• [Task statement] In the entries below, find the line with "下午3时,习近平等领导同志来" and the line with "2 x MOBILE SHELF". Repeat exactly everything between them, those two lines included, but not the pictures.

• [Data to examine]
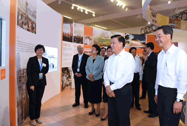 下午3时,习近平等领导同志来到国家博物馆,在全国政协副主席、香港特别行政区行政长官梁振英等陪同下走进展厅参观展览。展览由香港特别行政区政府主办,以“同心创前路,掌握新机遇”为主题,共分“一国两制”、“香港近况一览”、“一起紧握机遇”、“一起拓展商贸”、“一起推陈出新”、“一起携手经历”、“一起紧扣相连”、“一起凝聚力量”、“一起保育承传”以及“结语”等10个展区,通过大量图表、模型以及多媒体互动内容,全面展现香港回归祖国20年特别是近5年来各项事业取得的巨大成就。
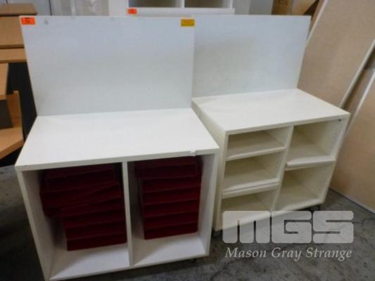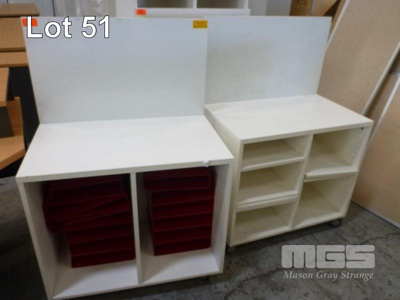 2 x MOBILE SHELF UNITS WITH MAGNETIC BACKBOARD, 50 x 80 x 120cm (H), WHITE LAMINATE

* * *

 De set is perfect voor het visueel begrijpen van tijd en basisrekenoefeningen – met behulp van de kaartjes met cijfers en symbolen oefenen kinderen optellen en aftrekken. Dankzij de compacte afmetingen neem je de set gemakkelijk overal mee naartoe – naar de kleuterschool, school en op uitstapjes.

---

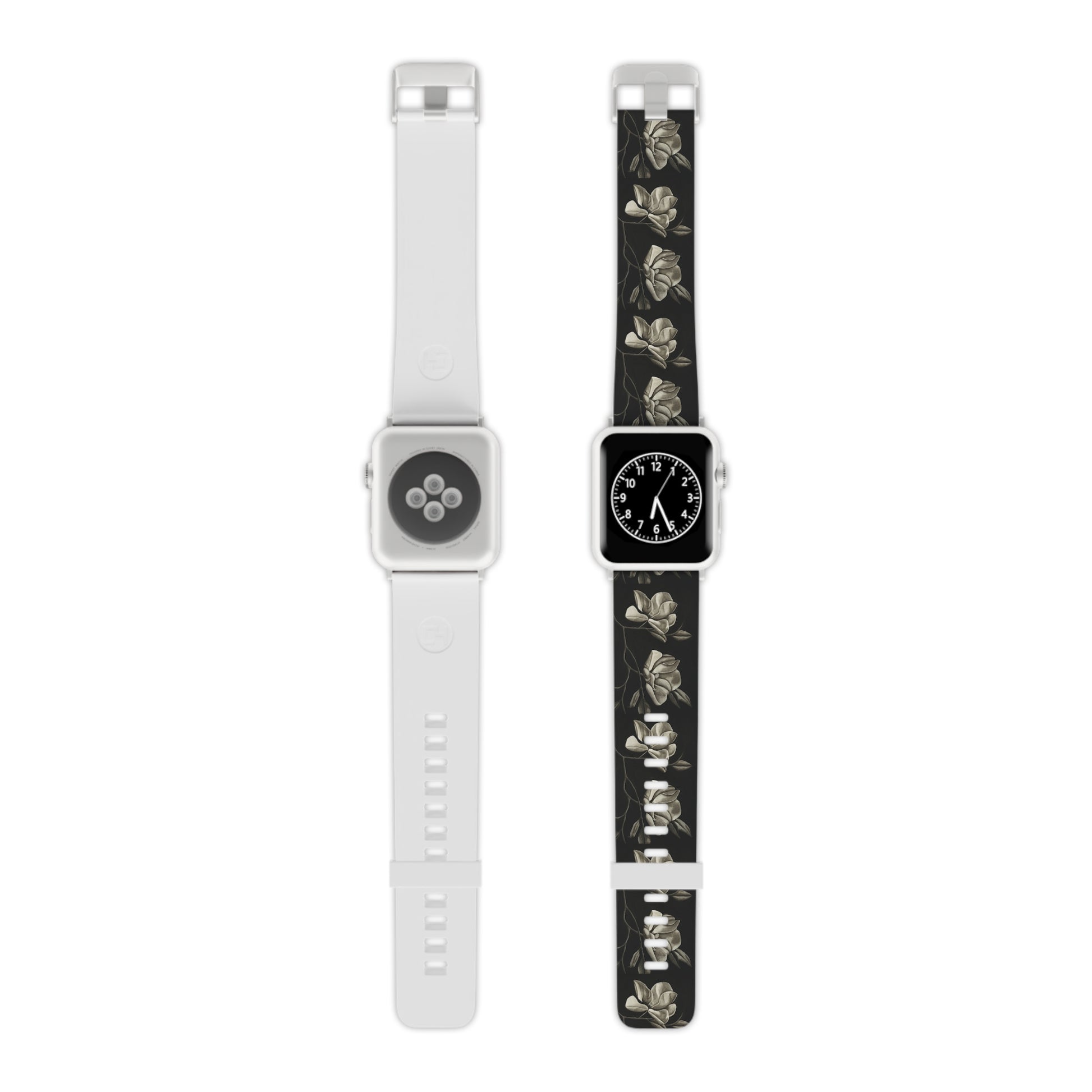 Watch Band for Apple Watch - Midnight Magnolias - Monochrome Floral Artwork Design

• [Task output]
 下午3时,习近平等领导同志来到国家博物馆,在全国政协副主席、香港特别行政区行政长官梁振英等陪同下走进展厅参观展览。展览由香港特别行政区政府主办,以“同心创前路,掌握新机遇”为主题,共分“一国两制”、“香港近况一览”、“一起紧握机遇”、“一起拓展商贸”、“一起推陈出新”、“一起携手经历”、“一起紧扣相连”、“一起凝聚力量”、“一起保育承传”以及“结语”等10个展区,通过大量图表、模型以及多媒体互动内容,全面展现香港回归祖国20年特别是近5年来各项事业取得的巨大成就。
 2 x MOBILE SHELF UNITS WITH MAGNETIC BACKBOARD, 50 x 80 x 120cm (H), WHITE LAMINATE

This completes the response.